» **AIM OF THE TASK**
If an entry holds a picture, leave the picture out and copy the rest exactly.

━━ EXERCISE INPUT ━━

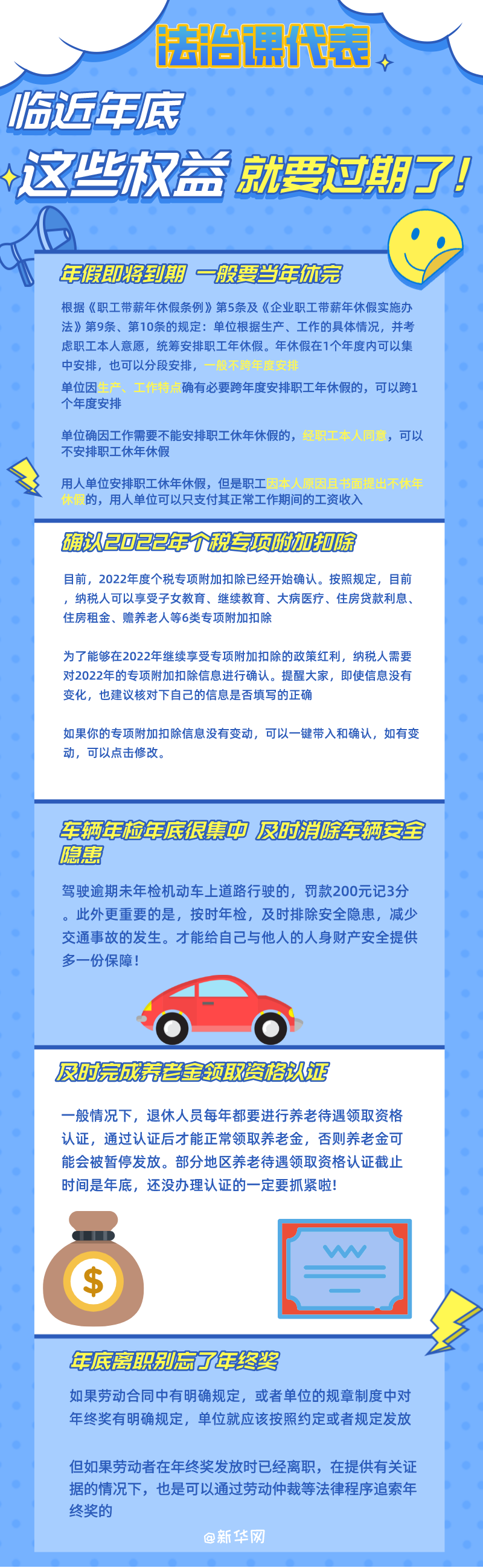 ????新華網(wǎng)北京12月15日電(記者 盧俊宇)2021年即將過(guò)去,臨近年底,一些與切身權益息息相關(guān)的事項就要“過(guò)期”了,再不抓緊可能會(huì )錯過(guò)。本期法治課代表帶你一塊看看都有哪些?
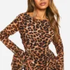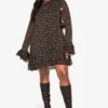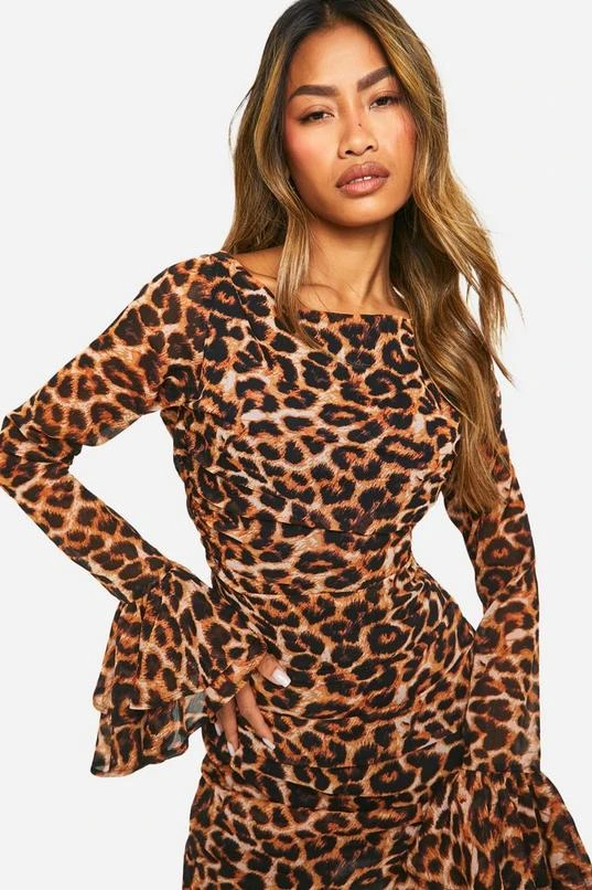 BOOHOO Leopard Chiffon Ruffle Mini Dress
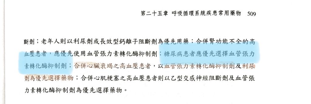 高血壓合併糖尿病優先選擇血管張力素轉化酶抑制劑ACEI
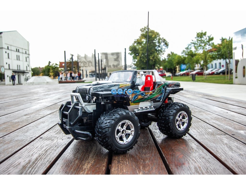 Rádiójellel irányított, hatalmas Hot Strom terep jeep, 1:12-es méretaránnyal, igényes külső és belső megjelenéssel, és modern dizájnnal. Természetesen ez egy teljesértékű és gyors RC modell.
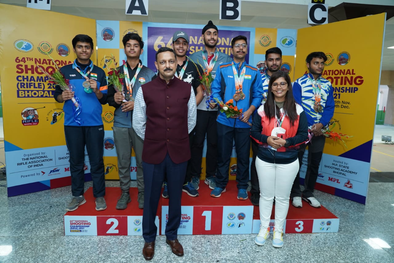 64वीं राष्ट्रीय रायफल शूटिंग चैम्पियनशिप भोपाल। मध्यप्रदेश शूटिंग अकादमी के शूटरों का 64वीं राष्ट्रीय रायफल शूटिंग चैम्पियनशिप में शानदार प्रदर्शन जारी है। अकादमी के स्टार ओलम्पियन ऐश्वर्य एवं अविनाश ने स्वर्ण पदक पर निशाने लगाए। ऐश्वर्य एवं अविनाश ने तीन-तीन स्वर्ण पदक व्यक्तिगत और टीम स्पर्धा में अभी तक जीते हैं। ऐश्वर्य प्रताप सिंह ने सीनियर मेन्स इवेन्ट में कांस्य पदक अर्जित किया वहीं जूनियर व्यक्तिगत और टीम स्पर्धा में तीन स्वर्ण पदक अ.......
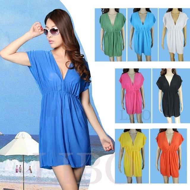 one-piece sexy beach Swimwear Bikini skirt Wear Women Dress V Neck Solid Beading Sleeveless Swimsuit Cover-Up
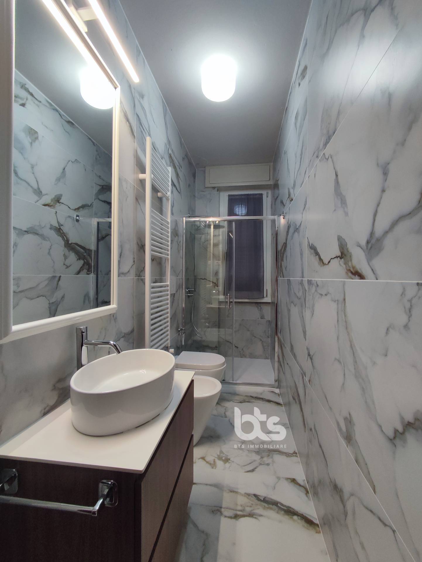 Un ampia zona living con cucina completamente attrezzata in ambiente dedicato risulta ben illuminata grazie a porte finestre che consentono lo sfogo su un balcone ben orientato al sole. Un disbrigo accompagna al bagno con doccia interamente rivisitato a nuovo e alla camera matrimoniale con balcone pertinenziale.
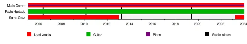 Composer, singer, and producer born in Torreon, Coahuila, Mario Domm commands multiple musical instruments, such as: drums, piano, guitar, and bass.
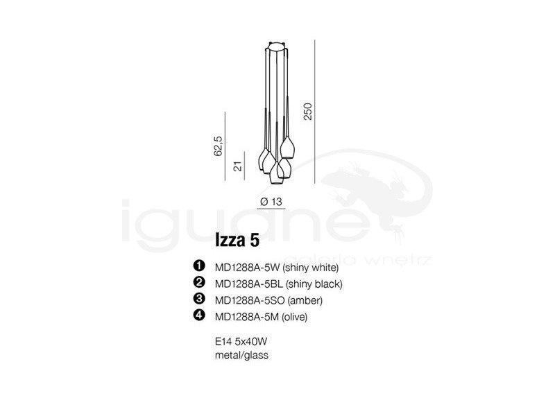 Kolekcja Izza to klasyka formy. Kształt klosza przypomina kielich i ma bardzo elegancki, proporcjonalny zarys. Duże zwisy idealnie wypełniają duże otwarte przestrzenie jak antresole, klatki schodowe. Mniejsze ładnie dekorują przestrzeń nad stołem lub blatem. Uzupełnieniem kolekcji są kinkiety oraz lampy stojące.
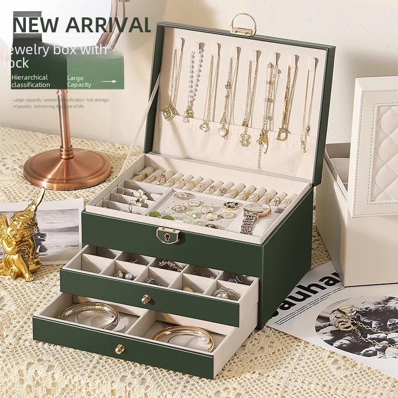 Изысканная трехслойная шкатулка для хранения украшений с большой вместимостью и многослойным ящиком для ожерелий, сережек и украшений для рук
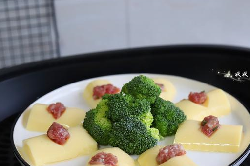 4,西蘭花洗幹凈,切成小塊,擺在日本豆腐中間。
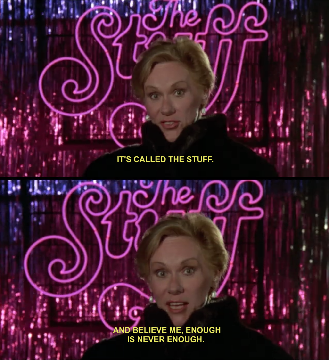 Oddly enough, I have one more movie to add to my short list of Netflix discs that remain to be rented…the thirteen I have time to watch before I move and am forced to bring an end to my subscription (which will also free me up to watch the 700+ movies I have waiting on my big DVD tower). I will now add ‘The Stuff’ to that list!
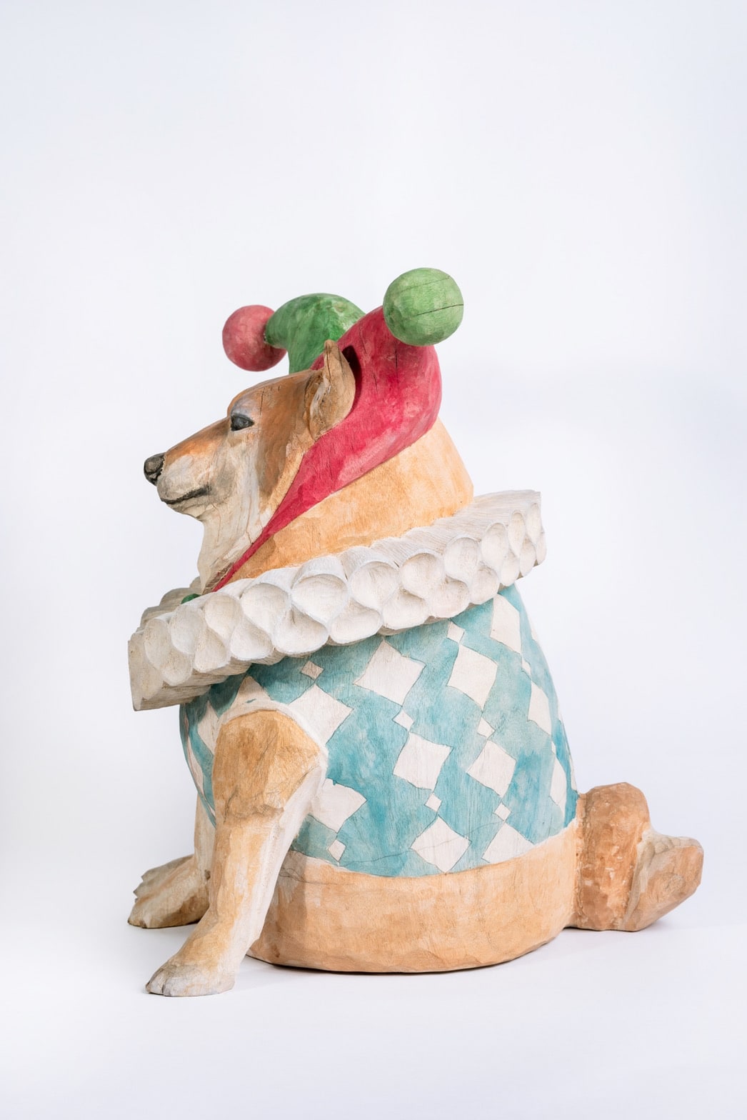我以木質雕刻為這隻成為迷因的柴犬穿上小丑裝扮,下了一個《小丑竟是我自

━━━

» **RESULT BELOW**
 ????新華網(wǎng)北京12月15日電(記者 盧俊宇)2021年即將過(guò)去,臨近年底,一些與切身權益息息相關(guān)的事項就要“過(guò)期”了,再不抓緊可能會(huì )錯過(guò)。本期法治課代表帶你一塊看看都有哪些?
 BOOHOO Leopard Chiffon Ruffle Mini Dress
 高血壓合併糖尿病優先選擇血管張力素轉化酶抑制劑ACEI
 Rádiójellel irányított, hatalmas Hot Strom terep jeep, 1:12-es méretaránnyal, igényes külső és belső megjelenéssel, és modern dizájnnal. Természetesen ez egy teljesértékű és gyors RC modell.
 64वीं राष्ट्रीय रायफल शूटिंग चैम्पियनशिप भोपाल। मध्यप्रदेश शूटिंग अकादमी के शूटरों का 64वीं राष्ट्रीय रायफल शूटिंग चैम्पियनशिप में शानदार प्रदर्शन जारी है। अकादमी के स्टार ओलम्पियन ऐश्वर्य एवं अविनाश ने स्वर्ण पदक पर निशाने लगाए। ऐश्वर्य एवं अविनाश ने तीन-तीन स्वर्ण पदक व्यक्तिगत और टीम स्पर्धा में अभी तक जीते हैं। ऐश्वर्य प्रताप सिंह ने सीनियर मेन्स इवेन्ट में कांस्य पदक अर्जित किया वहीं जूनियर व्यक्तिगत और टीम स्पर्धा में तीन स्वर्ण पदक अ.......
 one-piece sexy beach Swimwear Bikini skirt Wear Women Dress V Neck Solid Beading Sleeveless Swimsuit Cover-Up
 Un ampia zona living con cucina completamente attrezzata in ambiente dedicato risulta ben illuminata grazie a porte finestre che consentono lo sfogo su un balcone ben orientato al sole. Un disbrigo accompagna al bagno con doccia interamente rivisitato a nuovo e alla camera matrimoniale con balcone pertinenziale.
 Composer, singer, and producer born in Torreon, Coahuila, Mario Domm commands multiple musical instruments, such as: drums, piano, guitar, and bass.
 Kolekcja Izza to klasyka formy. Kształt klosza przypomina kielich i ma bardzo elegancki, proporcjonalny zarys. Duże zwisy idealnie wypełniają duże otwarte przestrzenie jak antresole, klatki schodowe. Mniejsze ładnie dekorują przestrzeń nad stołem lub blatem. Uzupełnieniem kolekcji są kinkiety oraz lampy stojące.
 Изысканная трехслойная шкатулка для хранения украшений с большой вместимостью и многослойным ящиком для ожерелий, сережек и украшений для рук
 4,西蘭花洗幹凈,切成小塊,擺在日本豆腐中間。
 Oddly enough, I have one more movie to add to my short list of Netflix discs that remain to be rented…the thirteen I have time to watch before I move and am forced to bring an end to my subscription (which will also free me up to watch the 700+ movies I have waiting on my big DVD tower). I will now add ‘The Stuff’ to that list!
我以木質雕刻為這隻成為迷因的柴犬穿上小丑裝扮,下了一個《小丑竟是我自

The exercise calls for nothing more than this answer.